When you write code in a plain React application and pass a Prop from a parent to a child component, the mental model is simple: you are moving data around inside the browser. You can pass strings, objects, callback functions, or even class instances with all their internal methods. Everything feels natural.

But in a world where Server Components and Client Components intermingle, passing data becomes something else entirely. It is no longer a trivial local transfer. It is crossing a physical network boundary spanning the two ends of the internet.

When you nest a Client Component inside a Server Component and try to pass Props, those Props must travel across the network. This means they must be serializable. You cannot pass functions. You cannot pass complex object instances.

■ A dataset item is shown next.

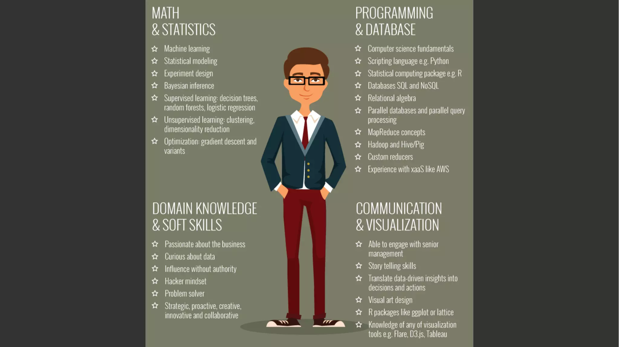 The document provides an overview of what it means to be a data scientist. It defines data scientists as those who gather, clean, explore, model, and interpret data, blending skills in hacking, statistics, and machine learning. Effective data scientists also have strong soft skills like domain knowledge, problem solving ability, and being able to communicate insights visually. The document contrasts the roles of data science and data engineering, noting that data engineering focuses more on data ingestion, integration, and preparation pipelines, while data science solves problems by analyzing patterns in data. It provides tips for getting started in data science, emphasizing learning domains of interest, business needs, mathematics, programming, and big data technologies.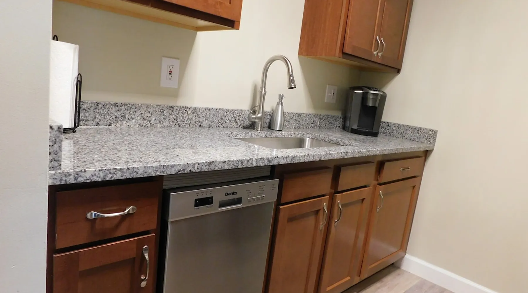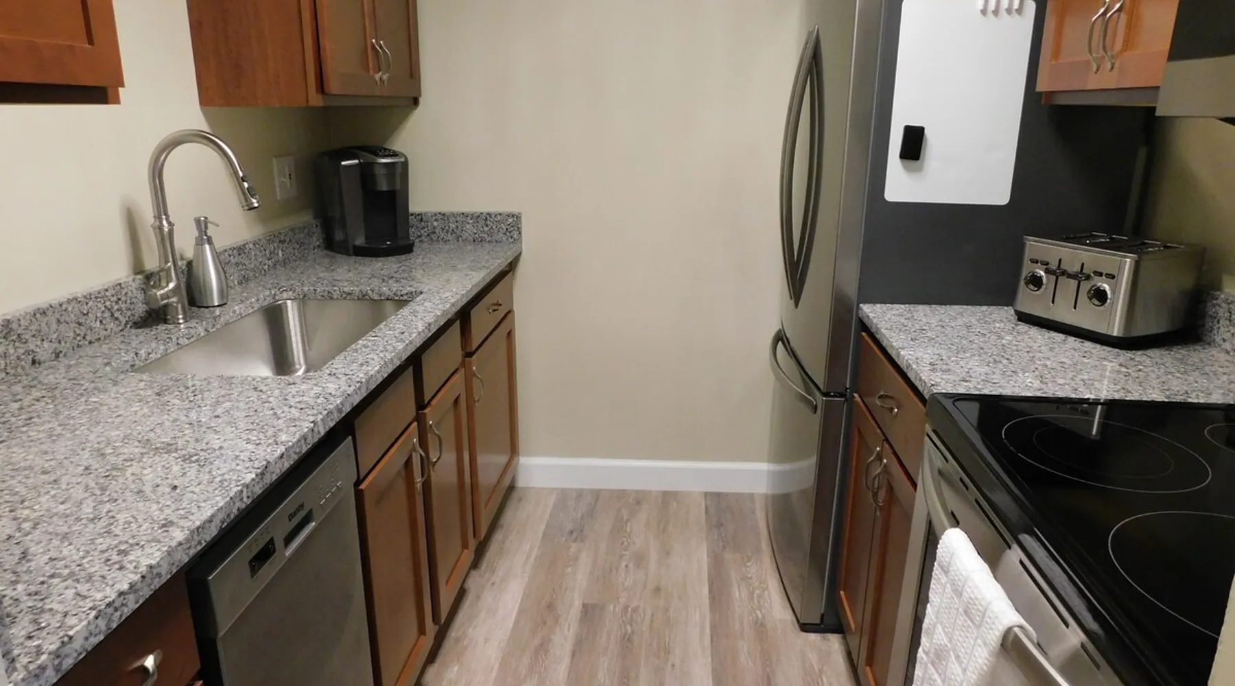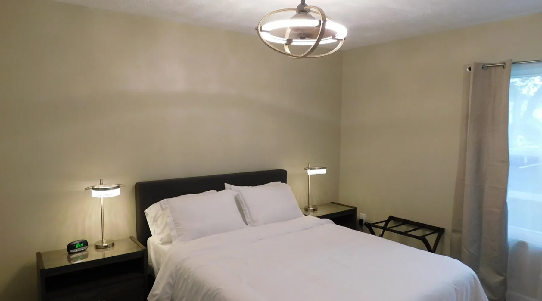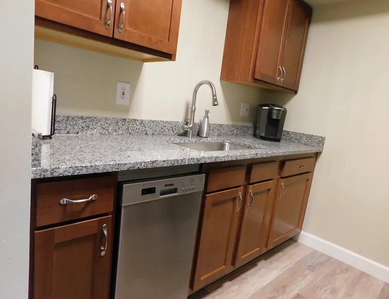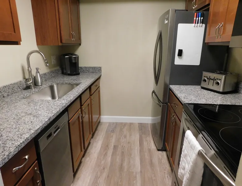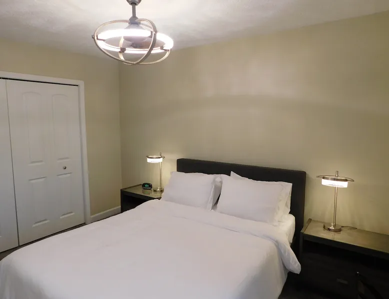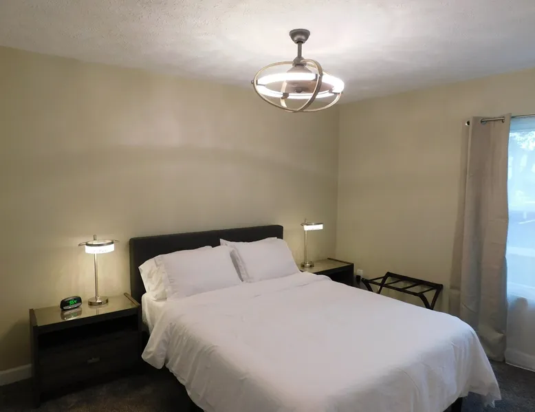 Close to restaurants, bars, shopping, local attractions, and the Meridian Mall. Okemos is an affluent community minutes from East Lansing where you can attend MSU sporting events, Wharton Center performances, rodeo and agricultural events, horticulture gardens, and museums including the Eli & Edythe Broad Art Museum. Furthermore, Downtown Lansing and the State Capitol building is less than seven miles away. The space Fully furnished 2BR unit featuring over 900 square feet of living space, as well as a private patio accessed from a large slider door with blackout drapes. The large living room offers plenty of seating to relax around the fireplace or watch your favorite shows on the 55-inch HD LG Smart Television. The dining space can fit four comfortably around the table with a fifth chair located in the adjacent closet if desired. You will also find some fun family games in the rollout cabinet facing the dining table. You will love the kitchen with new cabinetry, granite countertops, high-end fixtures, and stainless-steel appliances. The kitchen is stocked with pots/pans, dinnerware and silverware (6 places), cooking utensils, wine glasses, can/bottle/wine bottle openers, vacuum wine bottle stopper, and all the basics necessary to make your stay comfortable. Also, there is a below-counter microwave for ease of access, a 4-slice toaster, dishwasher, and a Keurig K-Elite Coffee Maker featuring a hot water dispenser and iced coffee capability (limited coffee pods and tea bags provided). Each bedroom has a queen-sized bed with soft quality linens and four pillows for a full night’s rest, as well as a luggage rack, closet, dresser, fandolier w remote, nightstand(s), high-end lamp(s) with USB ports, and an alarm clock with two USB ports. The bathroom has a full-sized walk-in shower with glass doors and is stocked with plush towels. The vanity features a granite top with high-end fixtures and accessories. There is a hairdryer for your convenience under the sink and a stacked washer/dryer free of charge (limited detergent pods provided). Guest access You will have access to one covered parking space (Unit 1) and ample on-site surface parking adjacent to the building. There is a nice outdoor patio with four Adirondack chairs (400 pound capacity) to relax and unwind. The unit has direct access via a secure Schlage Encode smart lock system, with an additional key storage box on premises in case of a Wi-Fi outage. Other things to note This is one of the finest units you will find in the greater Lansing area!

You cannot pass anything that cannot be understood by JSON.stringify (or more precisely, React's own Flight protocol serializer).

Your code appears to live in the same file system, even in the same component tree, happily nested together. But in reality, this is a schizophrenic octopus. Its upper half is on the server; its lower half is in the user's browser.

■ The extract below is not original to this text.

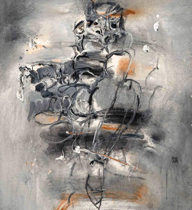 徐善循 煙花系列 2025年作 水墨 丙烯 草木灰 284 × 175 cm 在當代藝術常被“潮流”裹挾的當下,徐善循始終堅守藝術的本質。他的作品不迎合熱點,不追逐喧嘩,而是以沉靜的姿態叩問“存在”的意義,在物質豐裕卻精神焦慮的時代,如何通過藝術安頓心靈。

As a developer, you are now compelled to run two completely independent runtimes simultaneously in your head. Every line of code you write demands a mental judgment: am I currently in a server context or a client context? Can this component use Hooks? Can this piece of data cross the boundary?

You think you saved yourself a few API Endpoints. But what you actually did was take the clear interface contracts that used to live in your routing layer and scatter them as implicit, obscure, and highly error-prone 'use client' boundaries throughout your entire codebase. The API did not disappear. The framework just forced it into the crevices of the component tree.

Enormous Mental Overhead and the Question of Trade-offs

Let us do the math.

One of Server Components' biggest selling points is keeping heavy dependencies (say, a multi-megabyte syntax highlighting library, or a massive Markdown parser) on the server, reducing the JavaScript bundle sent to the client.

That sounds nice. But what is the cost?

First, you have forcibly split a single module graph into three: the Server module graph, the Client module graph, and the shared module graph between them. You can no longer refactor code as freely as before, because moving a pure function from one file to another might inadvertently cross that invisible serialization boundary, leaving you scratching your head at a pile of incomprehensible compiler errors.

Second, debugging becomes a nightmare. When something breaks in a traditional app, you check the browser's Network tab to see if an API call failed, or look at the Console for error messages. Now? The error might happen during server-side rendering of a Server Component. It might happen while the Flight protocol serializes the entire tree into a mixed binary-and-string blob. Or it might happen on the client side, while React tries to Hydrate and reassemble the DOM from that garbled payload.

For the sake of "better user experience," the engineering team pays a geometrically multiplied complexity cost. More absurdly, the vast majority of real-world CRUD backends, dashboards, and simple content sites probably never needed any of this extreme optimization in the first place. You spend weeks wrestling with RSC boundary issues and third-party library incompatibilities. Meanwhile, with ordinary React plus a simple skeleton screen and a bit of progressive disclosure animation, you could have achieved 95% of the same result.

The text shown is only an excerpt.